▸ **WHAT IS NEEDED**
Your reply is to be the lines below, exactly as written, with images omitted.

▸ **AVAILABLE DATA**
=== Section Start ===
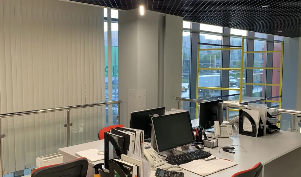 Зоны с потолками высотой до 3.5 м, в которых находятся офисы и часть выставочного зала, освещаются трековыми линейными светильниками. За счет широкого угла излучения создается яркий свет, полностью освещающий пространство.
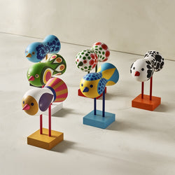 Originally created in 1967 by designer Lisa Larson, these vibrant wooden birds have become a beloved symbol of Scandinavian whimsy and craftsmanship. Each bird features bold, hand-painted patterns that transform wood into a playful art object. Presented on sleek pedestal stands, they bring joy and colour to shelves, counters and curated displays.
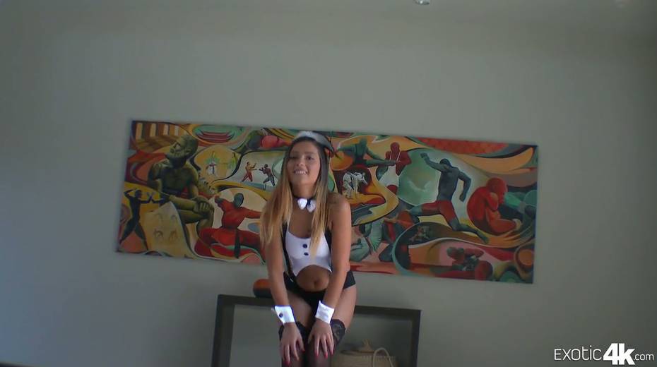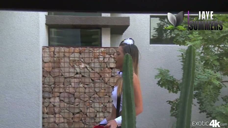Tanned hottie Jaye Summers is impaled on a stiff penis doggy style
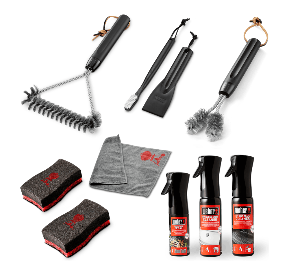 Få din grill att både se ut och fungera som ny – säsong efter säsong. Med rengöringskittet som är särskilt utformat för gasolgrillar i rostfritt stål från Weber® har du allt du behöver för att ge din grill en djuprengöring och förbereda den för nästa matlagningstillfälle. Det kommer att hålla din grill i toppform – och garanterar säkra och ultimata grillupplevelser med hög prestanda. Innehåller borstar, rengöringsmedel, svamp, trasa och non-stick-spray.
=== Section End ===
▸ **OUTPUT**
 Зоны с потолками высотой до 3.5 м, в которых находятся офисы и часть выставочного зала, освещаются трековыми линейными светильниками. За счет широкого угла излучения создается яркий свет, полностью освещающий пространство.
 Originally created in 1967 by designer Lisa Larson, these vibrant wooden birds have become a beloved symbol of Scandinavian whimsy and craftsmanship. Each bird features bold, hand-painted patterns that transform wood into a playful art object. Presented on sleek pedestal stands, they bring joy and colour to shelves, counters and curated displays.
Tanned hottie Jaye Summers is impaled on a stiff penis doggy style
 Få din grill att både se ut och fungera som ny – säsong efter säsong. Med rengöringskittet som är särskilt utformat för gasolgrillar i rostfritt stål från Weber® har du allt du behöver för att ge din grill en djuprengöring och förbereda den för nästa matlagningstillfälle. Det kommer att hålla din grill i toppform – och garanterar säkra och ultimata grillupplevelser med hög prestanda. Innehåller borstar, rengöringsmedel, svamp, trasa och non-stick-spray.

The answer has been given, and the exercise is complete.